• _Exercise aim_
When the line with "In diesem Projekt" turns up below, begin repeating exactly, and carry on through the line with "圖4:使用毫米波傳感器執行分"; no pictures go into the copy.

• _Material for this task_
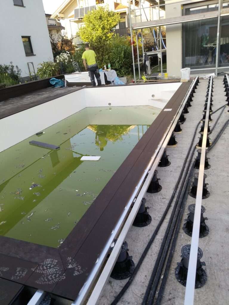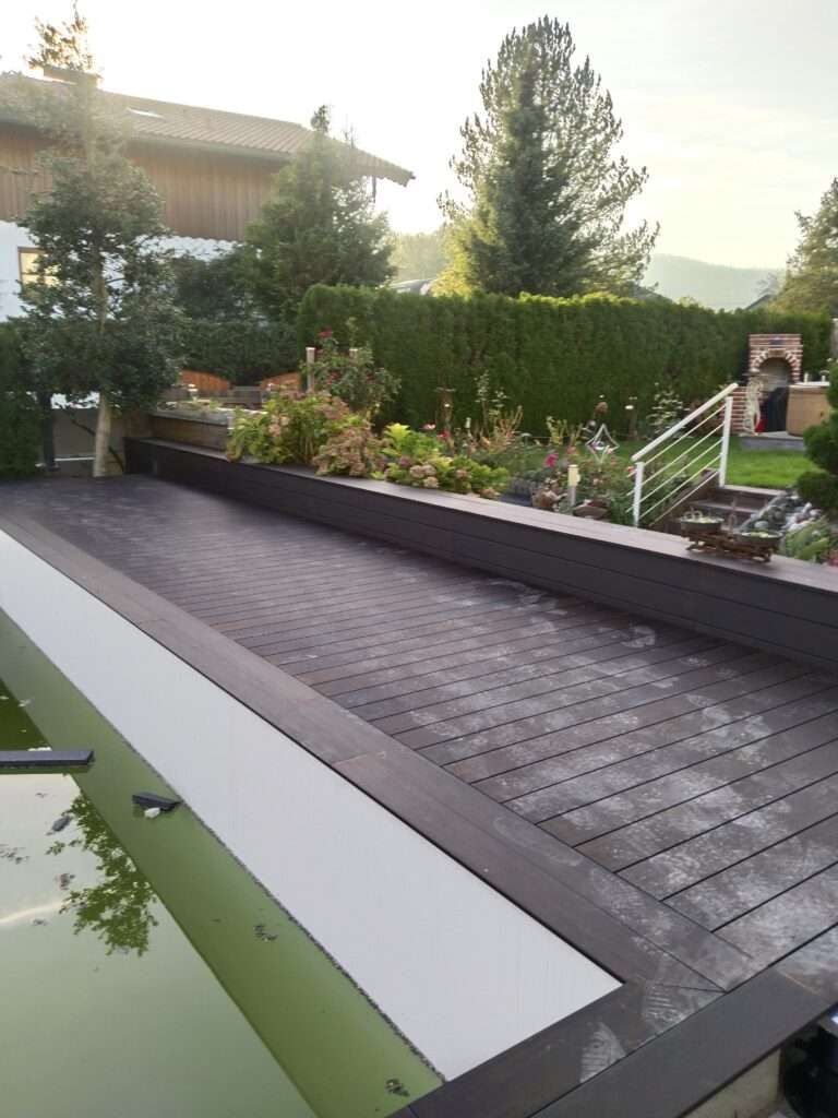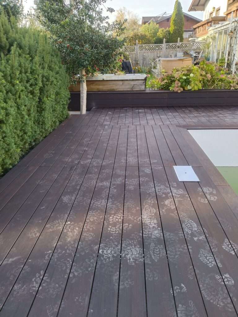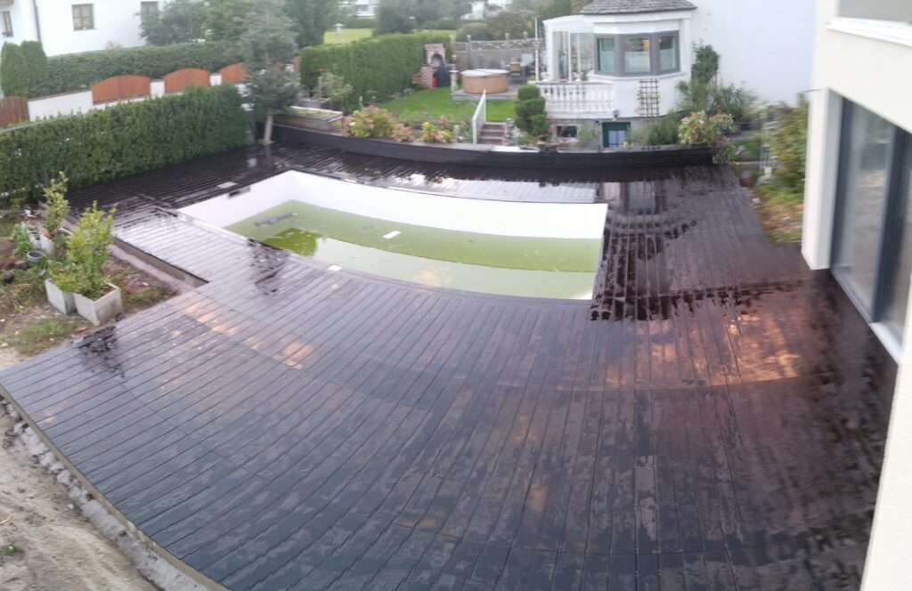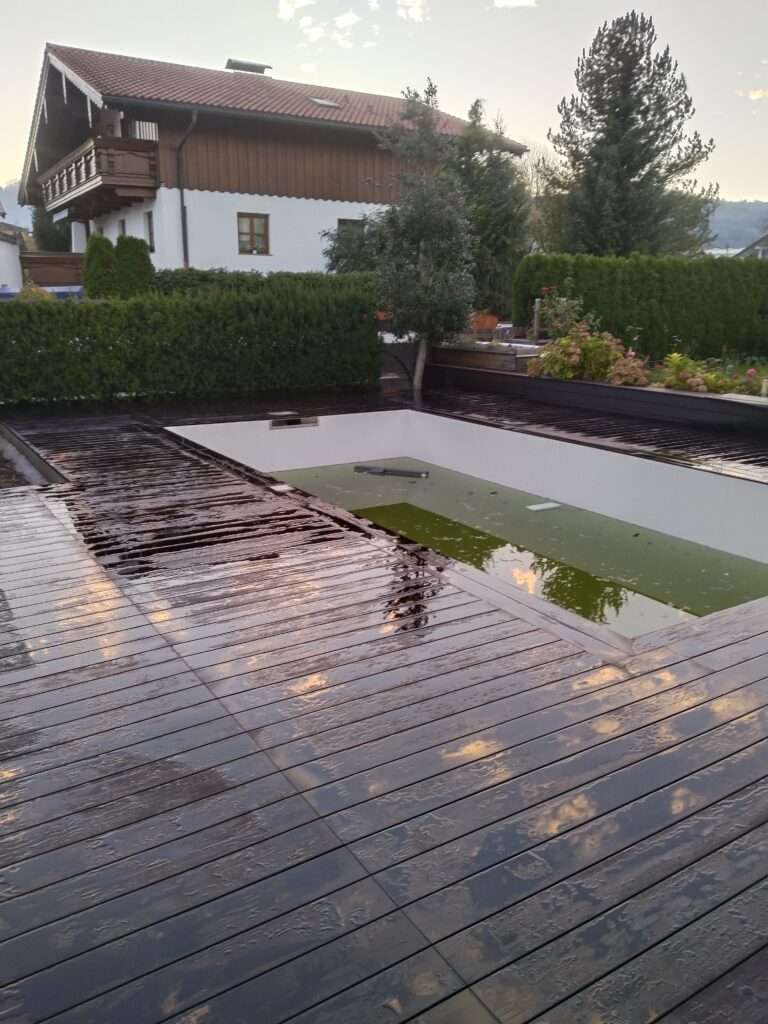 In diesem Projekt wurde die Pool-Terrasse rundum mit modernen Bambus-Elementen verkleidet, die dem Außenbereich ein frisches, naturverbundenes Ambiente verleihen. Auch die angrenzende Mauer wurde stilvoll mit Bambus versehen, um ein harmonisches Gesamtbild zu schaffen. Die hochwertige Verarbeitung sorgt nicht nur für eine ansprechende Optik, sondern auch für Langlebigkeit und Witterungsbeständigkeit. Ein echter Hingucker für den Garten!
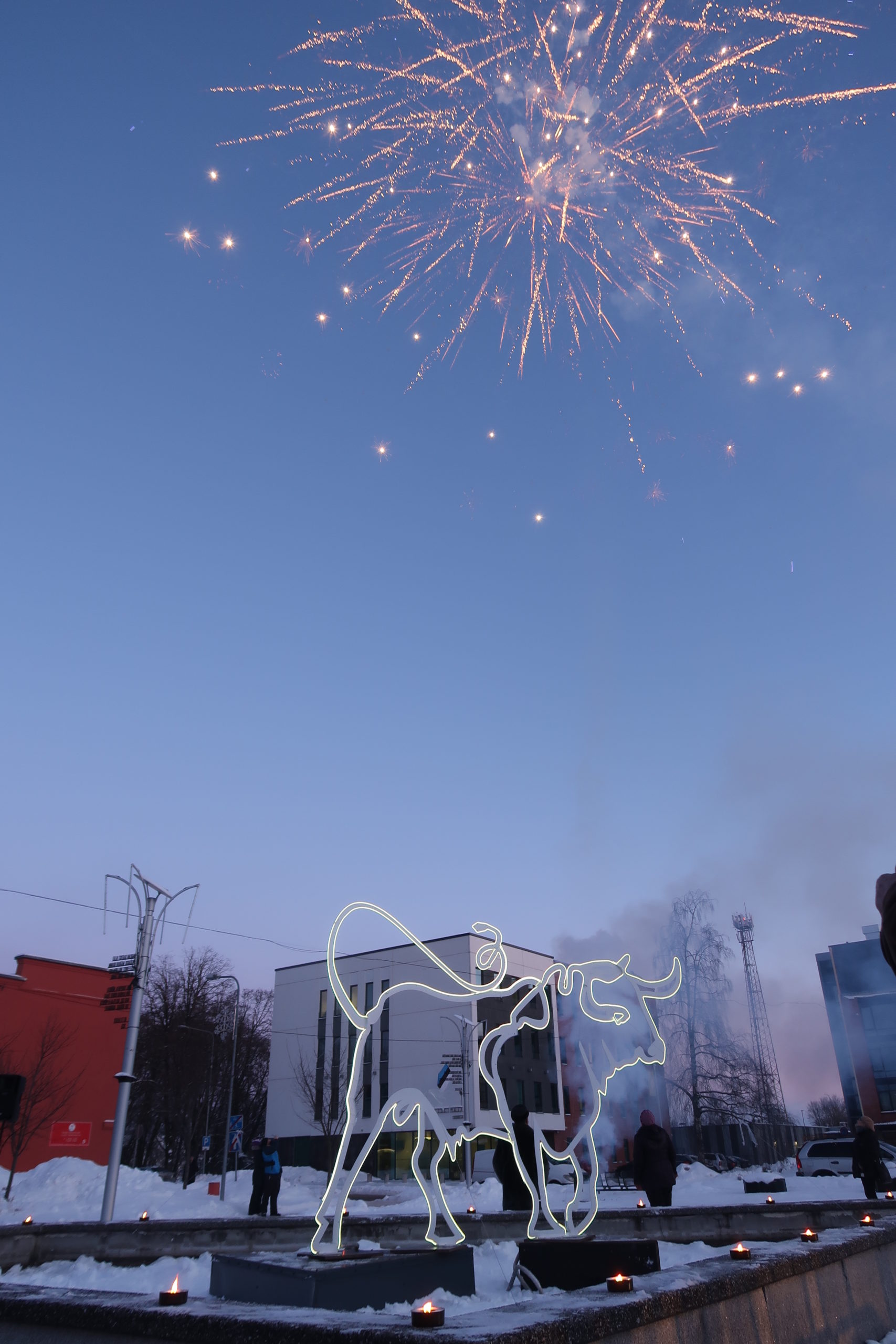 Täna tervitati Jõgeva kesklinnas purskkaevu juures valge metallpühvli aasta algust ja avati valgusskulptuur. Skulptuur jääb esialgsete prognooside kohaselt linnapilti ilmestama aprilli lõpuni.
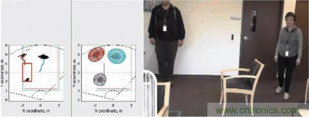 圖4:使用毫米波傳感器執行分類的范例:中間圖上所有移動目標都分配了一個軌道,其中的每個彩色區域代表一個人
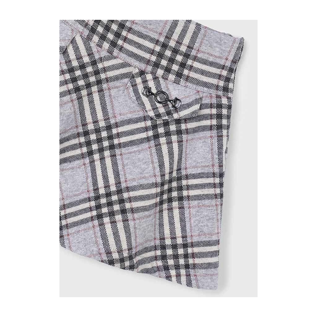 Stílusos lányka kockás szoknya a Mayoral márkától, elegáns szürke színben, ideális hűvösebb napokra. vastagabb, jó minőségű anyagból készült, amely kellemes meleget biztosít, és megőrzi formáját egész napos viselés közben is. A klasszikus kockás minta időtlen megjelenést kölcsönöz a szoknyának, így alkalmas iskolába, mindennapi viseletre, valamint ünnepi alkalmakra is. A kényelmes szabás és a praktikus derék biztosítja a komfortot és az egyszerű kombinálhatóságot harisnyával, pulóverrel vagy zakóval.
---
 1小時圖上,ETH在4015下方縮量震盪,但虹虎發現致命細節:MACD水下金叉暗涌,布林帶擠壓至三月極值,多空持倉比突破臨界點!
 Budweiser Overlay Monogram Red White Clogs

• _Exercise result_
 In diesem Projekt wurde die Pool-Terrasse rundum mit modernen Bambus-Elementen verkleidet, die dem Außenbereich ein frisches, naturverbundenes Ambiente verleihen. Auch die angrenzende Mauer wurde stilvoll mit Bambus versehen, um ein harmonisches Gesamtbild zu schaffen. Die hochwertige Verarbeitung sorgt nicht nur für eine ansprechende Optik, sondern auch für Langlebigkeit und Witterungsbeständigkeit. Ein echter Hingucker für den Garten!
 Täna tervitati Jõgeva kesklinnas purskkaevu juures valge metallpühvli aasta algust ja avati valgusskulptuur. Skulptuur jääb esialgsete prognooside kohaselt linnapilti ilmestama aprilli lõpuni.
 圖4:使用毫米波傳感器執行分類的范例:中間圖上所有移動目標都分配了一個軌道,其中的每個彩色區域代表一個人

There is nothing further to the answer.